§ What to do
Pictures stay out of the output. Return exactly the lines below from the one with "The Ashford 570mm" down to the one with "3. Klicken Sie", both included, and nothing more.

§ Data extract
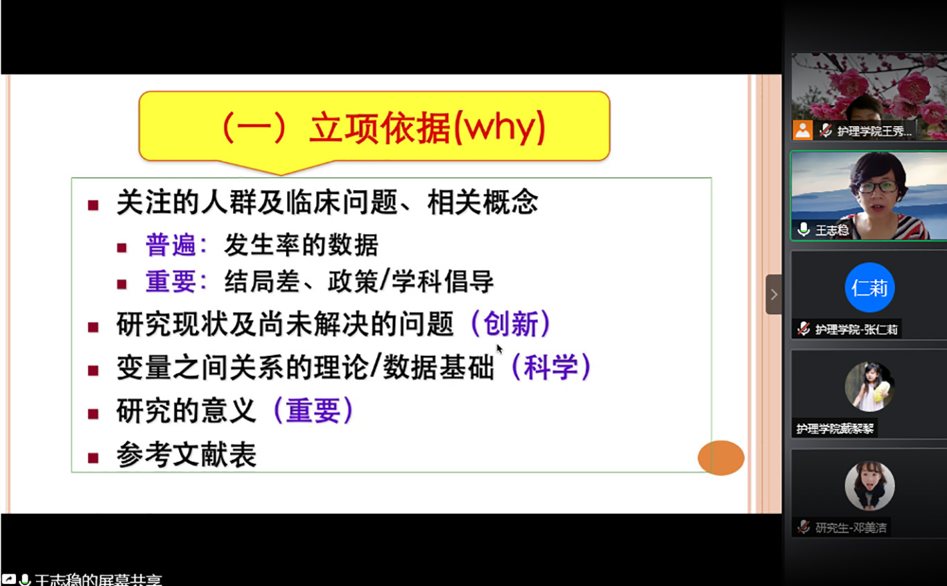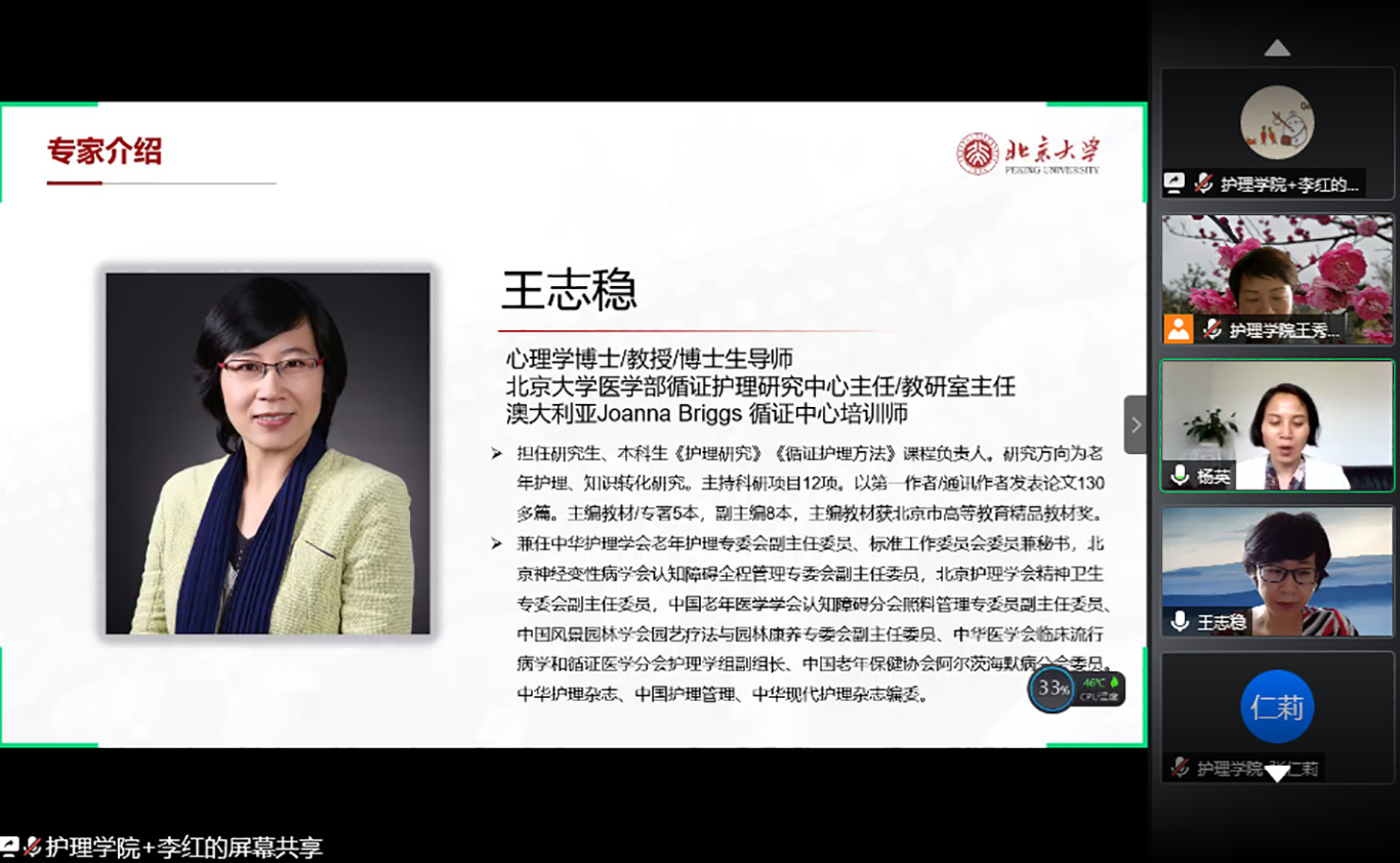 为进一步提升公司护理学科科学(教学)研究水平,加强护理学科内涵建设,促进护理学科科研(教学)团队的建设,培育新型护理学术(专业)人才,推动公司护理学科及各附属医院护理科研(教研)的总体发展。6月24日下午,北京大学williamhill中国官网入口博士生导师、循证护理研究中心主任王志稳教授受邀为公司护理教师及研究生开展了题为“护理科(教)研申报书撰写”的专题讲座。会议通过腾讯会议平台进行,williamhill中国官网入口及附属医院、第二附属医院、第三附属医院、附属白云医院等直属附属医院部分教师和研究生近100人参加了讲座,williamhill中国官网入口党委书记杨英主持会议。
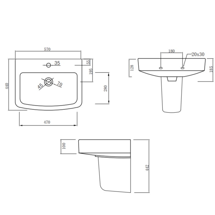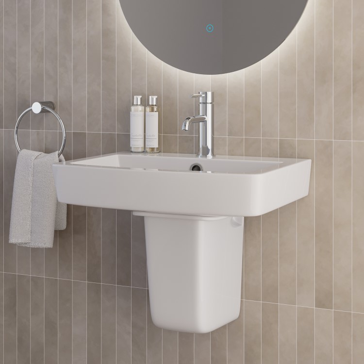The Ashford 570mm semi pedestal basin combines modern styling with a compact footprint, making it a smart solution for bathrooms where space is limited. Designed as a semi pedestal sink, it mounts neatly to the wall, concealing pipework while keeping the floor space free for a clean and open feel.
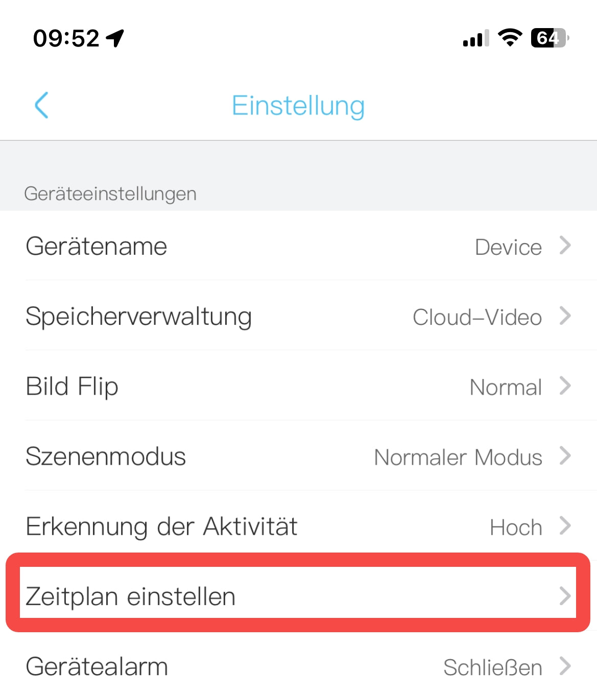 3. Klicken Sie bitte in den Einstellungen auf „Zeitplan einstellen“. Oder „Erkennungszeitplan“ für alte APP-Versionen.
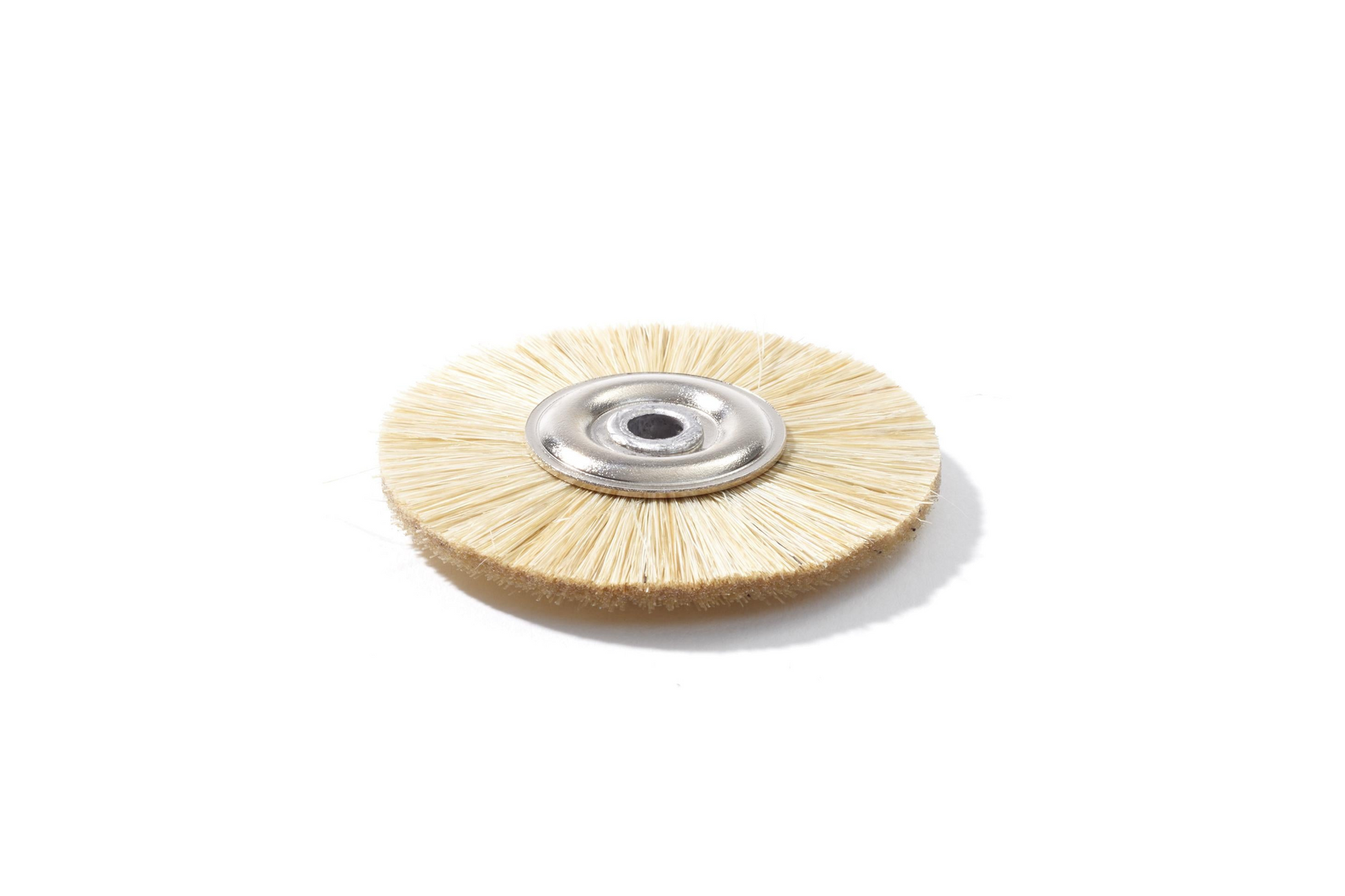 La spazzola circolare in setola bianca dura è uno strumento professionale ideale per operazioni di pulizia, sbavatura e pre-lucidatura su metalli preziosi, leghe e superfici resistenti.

§ Result
The Ashford 570mm semi pedestal basin combines modern styling with a compact footprint, making it a smart solution for bathrooms where space is limited. Designed as a semi pedestal sink, it mounts neatly to the wall, concealing pipework while keeping the floor space free for a clean and open feel.
 3. Klicken Sie bitte in den Einstellungen auf „Zeitplan einstellen“. Oder „Erkennungszeitplan“ für alte APP-Versionen.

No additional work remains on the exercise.